In this page we share a code for The Fastest Similarity Search Algorithm for Time Series Subsequences under Euclidean Distance. Early abandoning can occasionally beat this algorithm on some datasets for some queries. This algorithm is independent of data and query. The underlying concept of the algorithm is known for a long time to the signal processing community. We have used it for the first time on time series subsequence search under normalization. The algorithm was used as a subroutine in our papers [c,d] and the code is given below.

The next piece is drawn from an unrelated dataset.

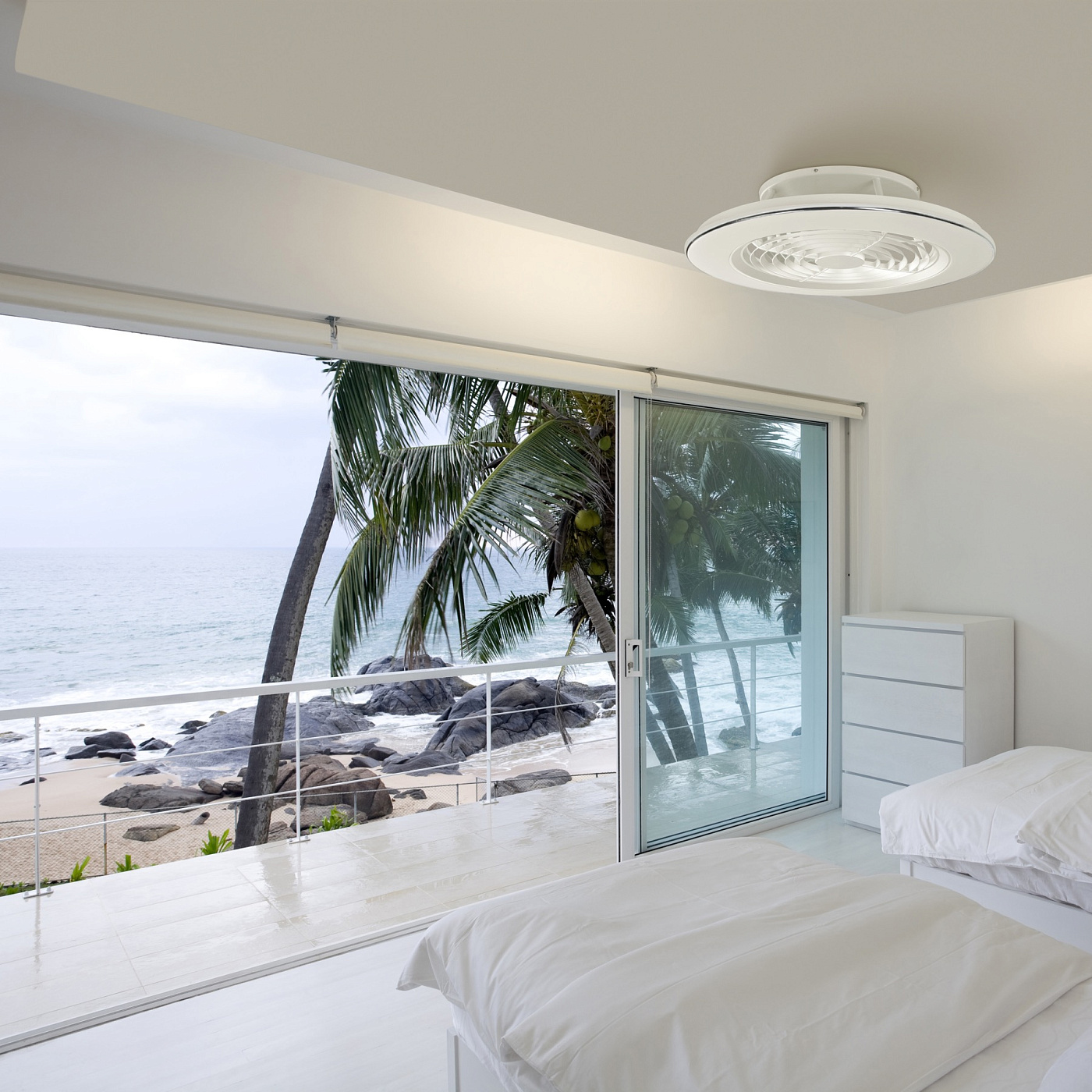 Потолочный вентилятор-светильник Alisio, выполненный из акрила, собирает в себе все лучшее из вентиляции и света в фантастическую и эстетическую реальность. Его минималистический стиль способен охватить его различные функции: освежающий, проветривающий, разогревающий, диммируемый, с возможностью изменения цвета и температуры. Возможно управление с пульта, а так же через Bluetooth с мобильного телефона.

1. The algorithm has an overall time complexity of O(n log n) which does not depend on datasets and is the lower bound of similarity search over time series subsequences.

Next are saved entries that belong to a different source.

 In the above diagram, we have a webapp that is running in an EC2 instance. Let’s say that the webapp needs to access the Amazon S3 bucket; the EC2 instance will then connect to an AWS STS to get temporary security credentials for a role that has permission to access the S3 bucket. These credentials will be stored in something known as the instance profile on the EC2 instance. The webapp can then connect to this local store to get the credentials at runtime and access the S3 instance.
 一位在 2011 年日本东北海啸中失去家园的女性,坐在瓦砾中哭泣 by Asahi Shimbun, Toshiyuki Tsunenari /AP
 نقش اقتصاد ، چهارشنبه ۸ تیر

2. The algorithm produces all of the distances from the query to the subsequences of a long time series.

To cite this code:

Abdullah Mueen, Krishnamurthy Viswanathan, Chetan Kumar Gupta and Eamonn Keogh (2015), The Fastest Similarity Search Algorithm for Time Series Subsequences under Euclidean Distance, URL: http://www.cs.unm.edu/~mueen/FastestSimilaritySearch.html

or use the following bib snippet.

@misc{FastestSimilaritySearch,

title={The Fastest Similarity Search Algorithm for Time Series Subsequences under Euclidean Distance},

author={ Mueen, Abdullah and Viswanathan, Krishnamurthy and Gupta, Chetan and Keogh, Eamonn},

year={2015},

month={August},

note = {\url{http://www.cs.unm.edu/~mueen/FastestSimilaritySearch.html}}

}

If you find this code useful for your research, please drop me a line, I would love to know the impact of this code.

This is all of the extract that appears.